Hi all does anyone have any tips on securing a tapered chuck into a vertical milling machine as tip does not allow for the draw bar to be screwed into. have tried tapping with hammer etc. damaged two pieces now with chuck dropping when performing a milling task. i do have a collet chuck which works fine the a couple of mills i have do not fit in, so have to use a standard mt3 tappered chuck.


----------



## RM-MN (Feb 28, 2020)

Find out why that drawbar doesn't screw in.  It should.  It may need a different diameter or different thread.


----------



## tornitore45 (Feb 28, 2020)

It will never stay put without a draw-bar and dangerous without.


----------



## Jasonb (Feb 28, 2020)

Get a collet that fits the cutters you are trying to use.

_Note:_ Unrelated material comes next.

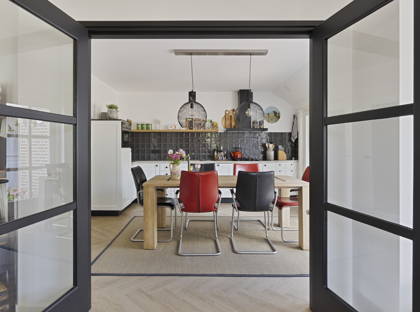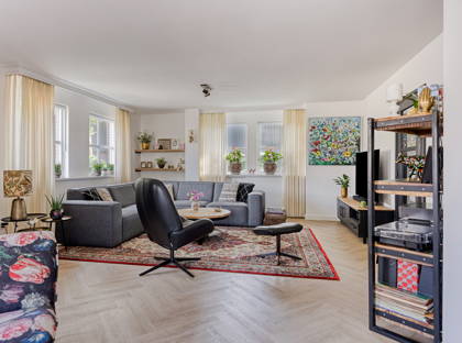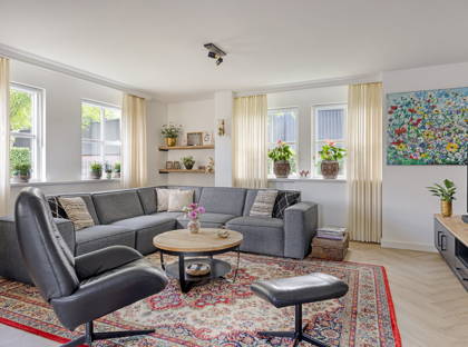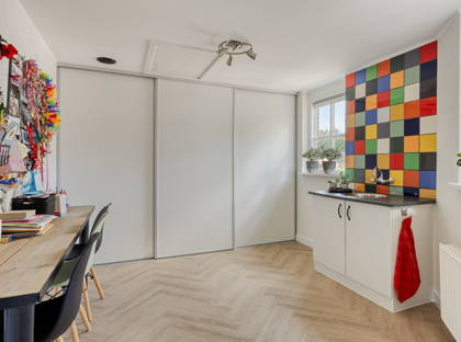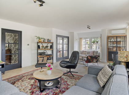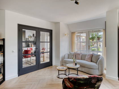 + De woonkamer heeft een licht karakter. Vensters aan twee zijden en de openslaande deuren bij de achtertuin laten het licht ruimschoots binnen. Openslaande deuren geven een doorgang naar de aparte leefkeuken.

Is this a tanged MT3 taper with a drill chuck on it, if so not a good idea to hold milling cutters in a drill chuck as they will pull out even if you change the arbor to one that takes a brawbat


----------



## MARK ROBINSON (Feb 28, 2020)

Thank you all assumed it was ok to use as is what came with the v20 chester mill from new? will invest in a bigger collet range


----------



## Jasonb (Feb 29, 2020)

They are sold as *Mill-drills* and most will come with a drill chuck though often the MT taper is the threaded type for a draw bar. It would be worth thinking of changing the arbor to a drawbar one anyway as easier to eject than a tanged one and not going to drop out but don't use it for milling.

https://www.arceurotrade.co.uk/Catalogue/Chucks/Drill-Chuck-Arbors


----------